Others caution that lobbying for a waiver of the safeguard clause, the rule that currently disqualifies Bangladesh, is essential.

BGMEA president Mahmud Hasan Khan said, "If the 6 percent and 37 percent thresholds are not removed, the Bangladeshi garment sector will not benefit. We have raised this issue multiple times in buyers' forum meetings and also brought it to the attention of the government. EuroCham is also actively working on this issue."

He also stated that the association has been in talks with the government, international trade partners, and diplomats to extend the LDC transition period by at least six years, while also discussing GSP+ negotiations with the EU.

The European Union Chamber of Commerce in Bangladesh (EuroCham) Chairperson Nuria Lopez stressed the urgency of extending the LDC transition period and pushing for GSP+. "Continuing negotiations with the EU for GSP+ is more beneficial than signing an EPA."

Mostafa Abid Khan, former member of the Bangladesh Trade and Tariff Commission, said, "The new GSP+ rules are still in draft form, giving Bangladesh room to negotiate with the EU for relaxation or a waiver of the safeguard provisions.

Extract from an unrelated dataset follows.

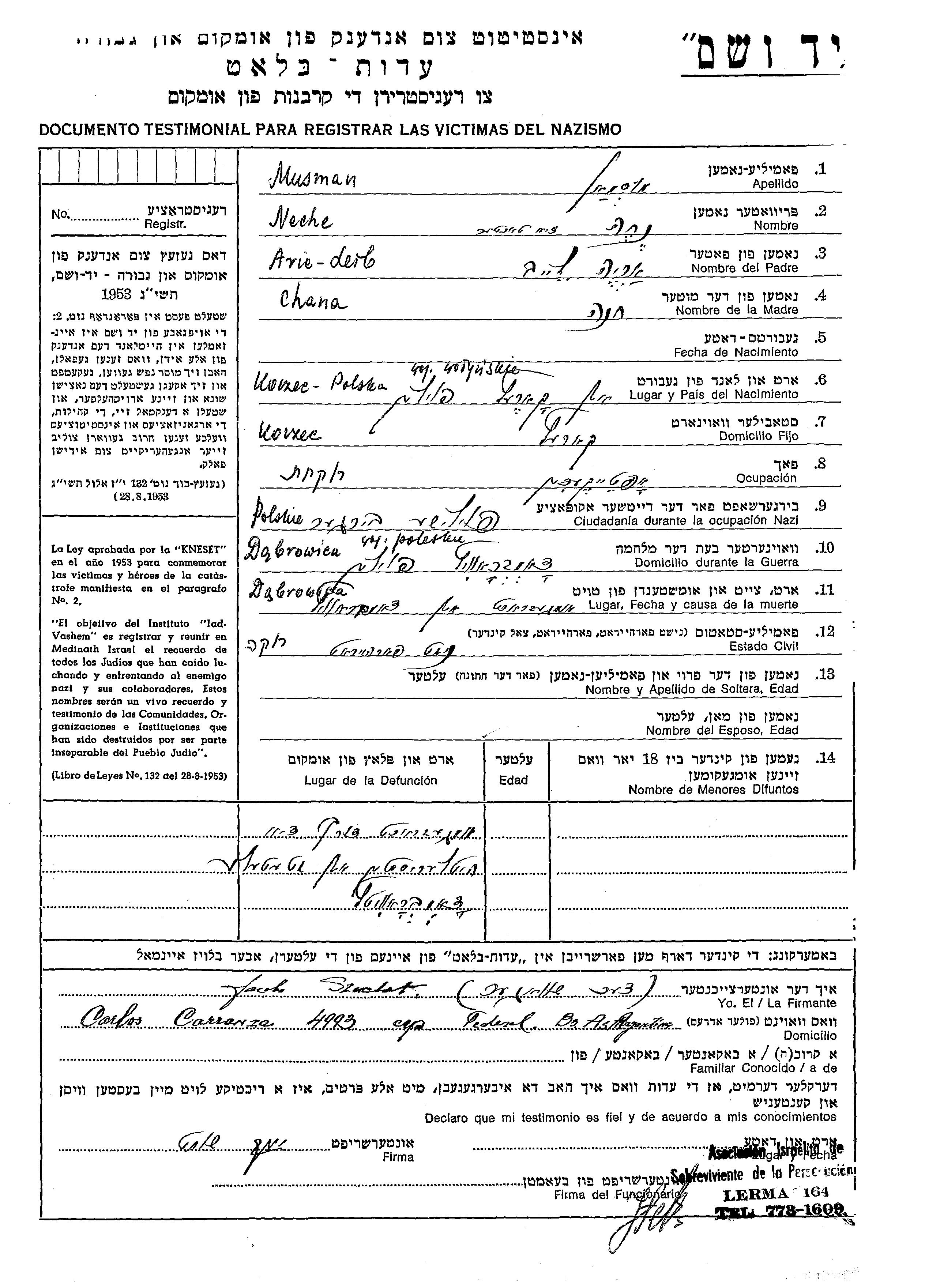 Neche Mosman Musman wurde in Korzec, Polen geboren. Sie war die Tochter von Arie Lieb und Chana. Sie war אפטייקער und Ledig. Vor dem Zweiten Weltkrieg lebte sie in Korzec, Polen. Während des Krieges war sie in Dabrowica, Polen.

Bangladesh should start negotiations immediately, focusing on two options: obtaining GSP+ or signing an EPA.

"Negotiating an EPA may be easier and quicker, while GSP+ requires more time to meet all conditions. Once Bangladesh secures GSP+, it can enjoy trade benefits under the scheme until it reaches middle-income status, though there is a risk of losing the status as the country may become a middle-income country by 2032."